## Source data:
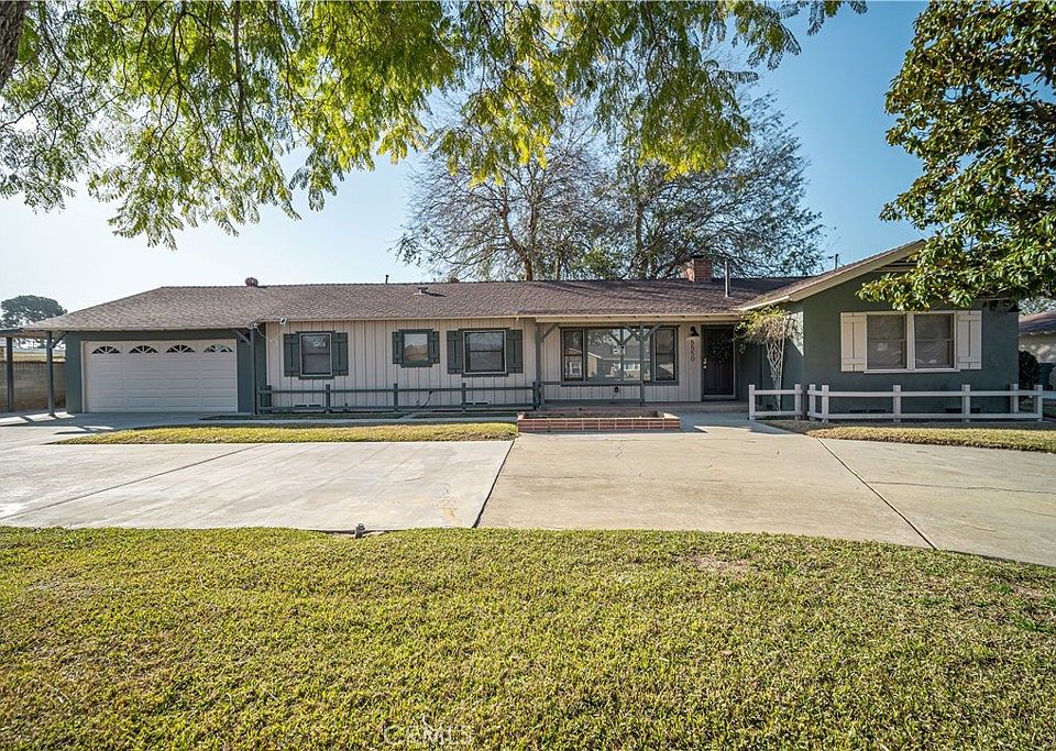 Nestled on almost three quarters of an acre, this classic single-story ranch home has been lovingly restored and is move-in ready! The interior boasts a very large living room with beamed ceilings and expansive glass doors. The fireplace has been designed with a modern smooth plaster finish that perfectly complements the original hardwood floors. The galley style kitchen has been upgraded with elegant taupe cabinetry and quartz countertops, complete with modern gold accents. BRAND NEW designer Café Appliances feature a stove with double oven and new dishwasher. Right off the kitchen is the butler’s pantry with still more storage and a double floor to ceiling pantry alongside a bistro area. The large indoor laundry area has been finished with tile and leads to the covered back porch. Both bathrooms feature a contemporary design finished with floating vanities and glass shower doors, no extra work is required! The exterior of the home features fresh paint and a large porch out front. Conveniently, a carport leads to the back of the property where the sprawling lot continues. Fencing has been installed to segment the property allowing one the possibilities of building an ADU, swimming pool, additional garage- possibilities are endless. Also included is a two-car garage with covered workspace and a back shed for still more storage. Termite work has been completed as well! With its timeless design, spacious floorplan and many amenities this home stands apart from all others and is ready for its forever owner.
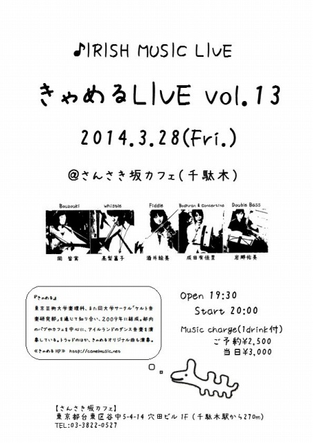 @‚«‚á‚ß‚éLIVE vol.13 @2014.3.28(‹à) open 19:30 start 20:00 @@—‚³‚ñ‚³‚«âƒJƒtƒFiç‘Ê–Øj @music charge i1drink•tj @‚²—\–ñ\2,500 “–“ú\3,000 @–‚«‚á‚ß‚é– @ŽðˆäŠG”üiFiddlej @‚—œÒŽqiWhistlej @‰ªŠFŽÀiBouzoukij @¬“c—L‰À—¢iBodhranj @Šâ‹½—C”ü(DoubleBass) @y‚³‚ñ‚³‚«âƒJƒtƒFz @§110-0001 “Œ‹ž“s‘䓌‹æ’J’†‚T’š–Ú‚S-‚P‚S @TEL:03-3822-0527 @http://sansakizaka.com/ @@@i’n}Eƒƒjƒ…[‚ÌŽQlƒy[ƒWj |
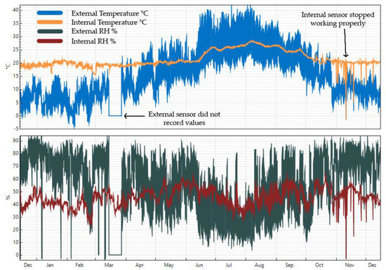The monitoring system is the same that was used in [17]. The sensor is a SHT75 (Sensirion AG, Stäfa, Switzerland), with accuracy ±0.3 °C and ±1.8%, while external conditions like temperature, relative humidity, and wind speed and direction were measured using a weather station, model FSW 20 (PCE Ibérica S.L., Tobarra, Spain) located in the same village. The period of monitoring is from 14 December 2017–15 December 2018 (Figure 3).

## Work item:
Without any pictures, repeat the listing exactly.

## Solution to the exercise:
 Nestled on almost three quarters of an acre, this classic single-story ranch home has been lovingly restored and is move-in ready! The interior boasts a very large living room with beamed ceilings and expansive glass doors. The fireplace has been designed with a modern smooth plaster finish that perfectly complements the original hardwood floors. The galley style kitchen has been upgraded with elegant taupe cabinetry and quartz countertops, complete with modern gold accents. BRAND NEW designer Café Appliances feature a stove with double oven and new dishwasher. Right off the kitchen is the butler’s pantry with still more storage and a double floor to ceiling pantry alongside a bistro area. The large indoor laundry area has been finished with tile and leads to the covered back porch. Both bathrooms feature a contemporary design finished with floating vanities and glass shower doors, no extra work is required! The exterior of the home features fresh paint and a large porch out front. Conveniently, a carport leads to the back of the property where the sprawling lot continues. Fencing has been installed to segment the property allowing one the possibilities of building an ADU, swimming pool, additional garage- possibilities are endless. Also included is a two-car garage with covered workspace and a back shed for still more storage. Termite work has been completed as well! With its timeless design, spacious floorplan and many amenities this home stands apart from all others and is ready for its forever owner.
 @‚«‚á‚ß‚éLIVE vol.13 @2014.3.28(‹à) open 19:30 start 20:00 @@—‚³‚ñ‚³‚«âƒJƒtƒFiç‘Ê–Øj @music charge i1drink•tj @‚²—\–ñ\2,500 “–“ú\3,000 @–‚«‚á‚ß‚é– @ŽðˆäŠG”üiFiddlej @‚—œÒŽqiWhistlej @‰ªŠFŽÀiBouzoukij @¬“c—L‰À—¢iBodhranj @Šâ‹½—C”ü(DoubleBass) @y‚³‚ñ‚³‚«âƒJƒtƒFz @§110-0001 “Œ‹ž“s‘䓌‹æ’J’†‚T’š–Ú‚S-‚P‚S @TEL:03-3822-0527 @http://sansakizaka.com/ @@@i’n}Eƒƒjƒ…[‚ÌŽQlƒy[ƒWj |
The monitoring system is the same that was used in [17]. The sensor is a SHT75 (Sensirion AG, Stäfa, Switzerland), with accuracy ±0.3 °C and ±1.8%, while external conditions like temperature, relative humidity, and wind speed and direction were measured using a weather station, model FSW 20 (PCE Ibérica S.L., Tobarra, Spain) located in the same village. The period of monitoring is from 14 December 2017–15 December 2018 (Figure 3).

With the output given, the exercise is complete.